Another aspect that brought the movie down was the underwhelming horror. The film mostly relied on very generic jumpscares, most of which evoked eye rolling rather than fear. The “it was only a dream” cliche is also painfully overused; it’s barely an exaggeration when I say that when Kate is in a perilous situation, it’s a dream two-thirds of the time. This adds even more to the viewer’s annoyance and confusion.
Another nail in “The Turning’s” coffin is the fact that it’s also incredibly boring, managing to make its short runtime seem too long. The film mostly consists of talking, and as already mentioned, the “scary” sequences aren’t even scary.
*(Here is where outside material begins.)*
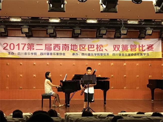由今年会jinnian官网、四川省音乐家协会主办,今年会jinnian官网管弦系、四川省音乐家协会双簧学会承办的2017第二届西南地区巴松、双簧管比赛(业余组别)于2017年7月7日-9日在今年会jinnian官网举行。期间有来自四川、重庆、浙江等省市的40余位业余巴松、双簧管爱好者参加了比赛,经过初赛和决赛两轮的激烈角逐,产生了小学组、初中组和高中组三个组别,分巴松、双簧管两个专业的一、二、三等奖共20名获奖选手,以及优秀奖、演奏奖若干。此次比赛全程采取评委盲评的方式,尽最大可能保持比赛的公平与公正,获得了选手及家长的赞誉。
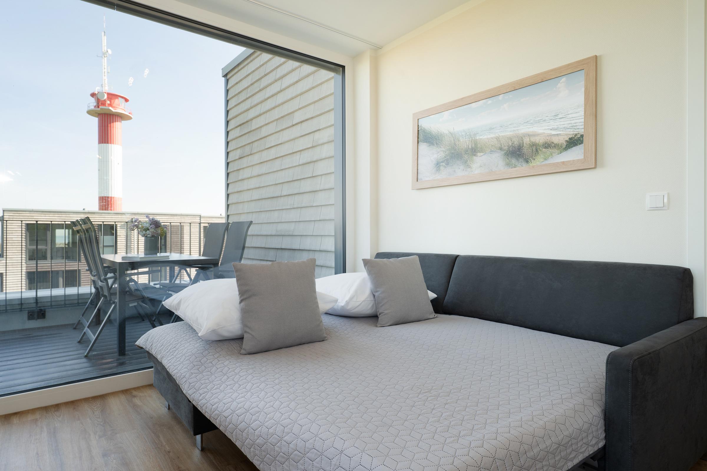 Das Schlafzimmer überzeugt mit einem komfortablen Doppelbett und ausreichend Stauraum. Zwei weitere Gäste kommen im Wohnzimmer auf einer gemütlichen Schlafcouch unter.

This constant monotony prevents “The Turning” from even being a “so-bad-it’s-good” type of film.
If anything positive can be said, it’s that the actors performed well (which was especially impressive given the material they had to work with). Unfortunately, this wasn’t nearly enough to carry the film as a whole.
“The Turning’s” great cast and solid source material were unfortunately squandered, as the resulting film was tedious and convoluted.